Worse, most teams measure cost monthly, after the spend has happened. By then a runaway skill has already eaten the quarter’s discretionary budget.

What a real budget looks like

Treat each Now Assist skill like a microservice with its own SLO and cost ceiling. Three numbers matter:

Token cap per invocation — hard upper bound on input + output. If a record’s context blows past this, summarize or truncate before calling.
Calls per hour per skill — circuit breaker. If a skill suddenly fires 10x its baseline, something is wrong.
Cost per successful outcome — the only metric finance cares about. Track tokens against the business event the skill is supposed to drive (resolved incident, accepted suggestion, deflected chat).

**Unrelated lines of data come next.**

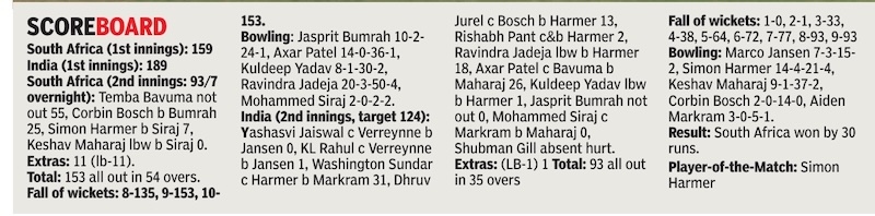 Spinners, mainly Simon Harmer, did the rest, although with some help from India’s batters. They could have applied themselves better, as India coach Gautam Gambhir admitted later. However, it was a pacer who triggered India’s downfall, with Marco Jansen reducing the hosts to two-forone before lunch. Post-lunch and till the stroke of tea, it was all about South Africa’s spin and Indian batters’ follies.
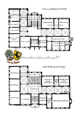 - Kellergeschoss: 3 Räume für die spätere Einrichtung der Chemieklassen, Schuldienerwohnung, Heizungsräume, Frisch-Luftkammern, für die Zuführung von frischer Luft zu den Klassenräumen und Kellerräume für den Schuldiener.
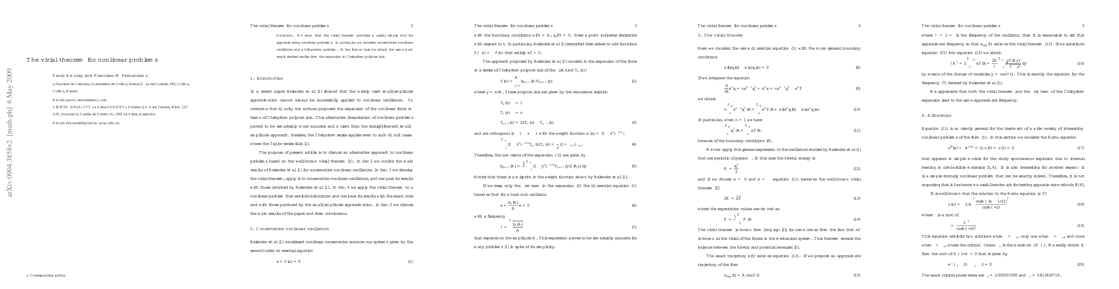 Summary: The paper demonstrates the applicability of the virial theorem for approximating solutions to nonlinear problems, specifically conservative nonlinear oscillators and bifurcation issues, yielding results comparable to those derived from Chebyshev polynomial expansions.
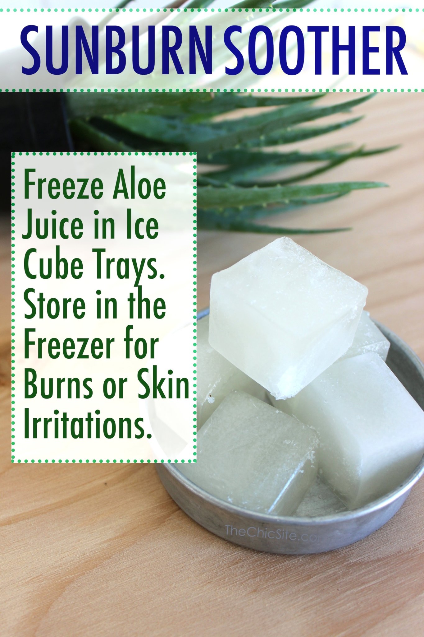 This is one of those ideas that is so simple, yet so clever I almost get mad at myself for not thinking of it sooner! Freeze some aloe juice in an ice cube tray and store in the freezer for DIY Sunburn Relief whenever you need it.~Rachel
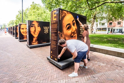 De beeltenis van Sanne Hertgers, in 2023 vermoord door haar ex-man, is beklad. Vermoedelijk in de nacht van donderdag op vrijdag. Het bord maakt deel uit van de reizende expositie Femicide in Arnhem. Haar vader Wim Hertgers (60) is woedend en verdrietig.
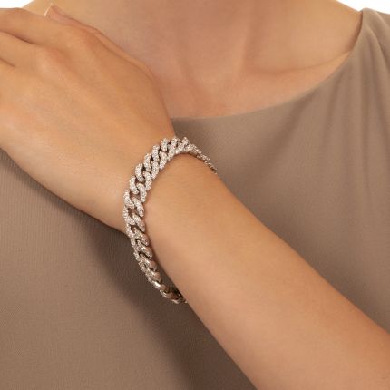 From our Antique Jewelry University: A curb link is a chain composed of links that have been twisted and flattened. In this elegant estate bracelet, the curb links are pavé-set with 232 ultra-white and spectacularly sparkling round brilliant-cut diamonds designed to effortlessly encircle the wrist while creating a dazzling display of light. A stunning and utterly unique twist on a classic that elevates the traditional to the exceptional. Total diamond weight, 13.00 carats. In 18K white gold, from Italy, it measures 7 1/8 inches.
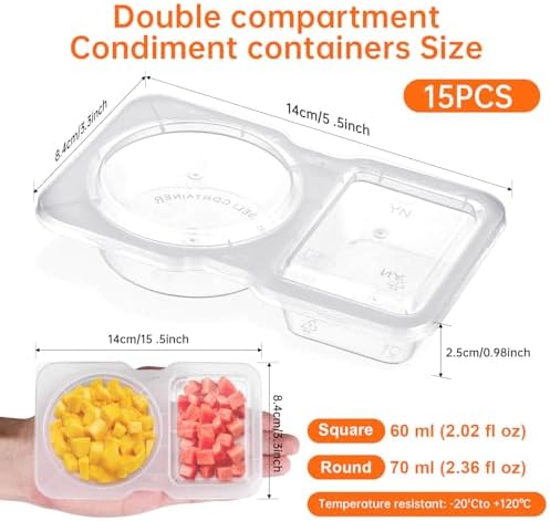 15 Sets Double Compartment Condiment Containers with Lid, Transparent Small Plastic Dipping Containers for Condiments or Dips, Sauce Snack, Salad Dressing, Sampling, Travel Snack
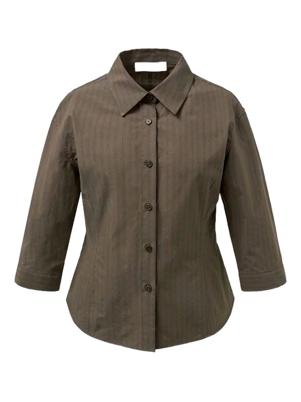 pinstripe-pattern shirt Highlights - Brown - Pinstripe pattern - Button fastening - Classic collar - Three-quarter sleeves Imported Composition Cotton 100% Washing instructions Read Manufacturer Guidelines
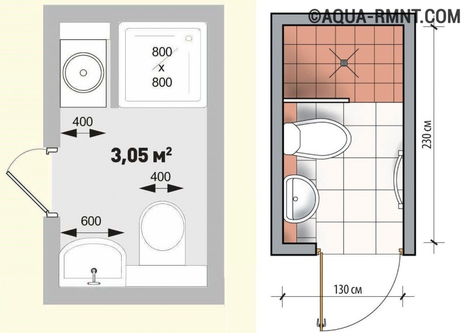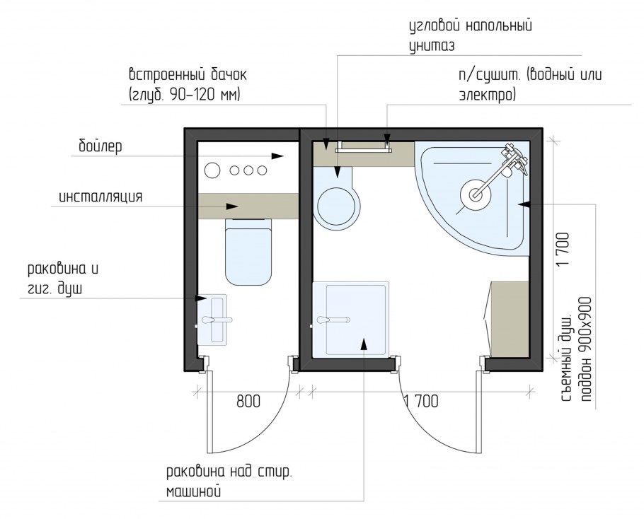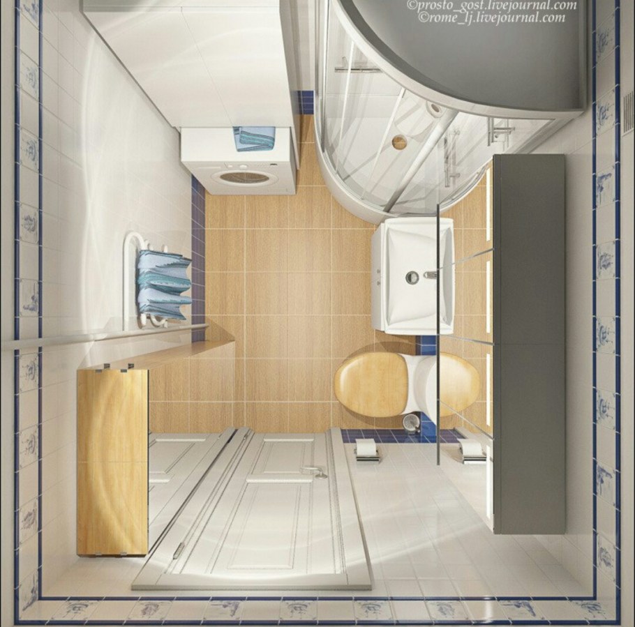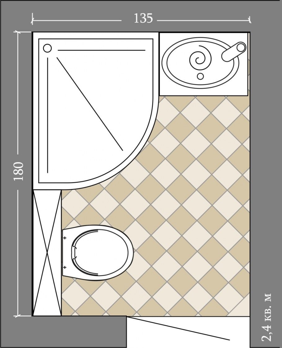 Санузел 4 кв м 2,5х1,5 с душевой кабиной

The first two are guardrails. The third is the conversation you have with leadership.

A budget table you can actually use

Create a custom table to hold skill budgets and a related usage log. The pattern is dull and that is the point — no clever metadata, just numbers you can query.

// Table: u_now_assist_budget
//   u_skill_name (String)
//   u_max_input_tokens (Integer)
//   u_max_output_tokens (Integer)
//   u_calls_per_hour (Integer)
//   u_daily_token_cap (Integer)
//   u_enabled (Boolean)

// Script Include: NowAssistBudgetGuard
var NowAssistBudgetGuard = Class.create();
NowAssistBudgetGuard.prototype = {
    initialize: function() {},

    canInvoke: function(skillName, estimatedInputTokens) {
        var budget = new GlideRecord('u_now_assist_budget');
        budget.addQuery('u_skill_name', skillName);
        budget.addQuery('u_enabled', true);
        budget.setLimit(1);
        budget.query();
        if (!budget.next()) {
            gs.warn('NowAssist: no budget for ' + skillName + ', blocking');
            return false;
        }

        if (estimatedInputTokens > budget.u_max_input_tokens) return false;

        var hourAgo = new GlideDateTime();
        hourAgo.addSeconds(-3600);
        var agg = new GlideAggregate('u_now_assist_usage');
        agg.addQuery('u_skill_name', skillName);
        agg.addQuery('sys_created_on', '>=', hourAgo);
        agg.addAggregate('COUNT');
        agg.query();
        var recentCalls = agg.next() ? parseInt(agg.getAggregate('COUNT')) : 0;

        return recentCalls < budget.u_calls_per_hour;
    },

    type: 'NowAssistBudgetGuard'
};

Every skill invocation goes through canInvoke() first. If you cannot bring yourself to put a guard in front of every call, at minimum put one in front of the skills that fire from automation rather than from a human click.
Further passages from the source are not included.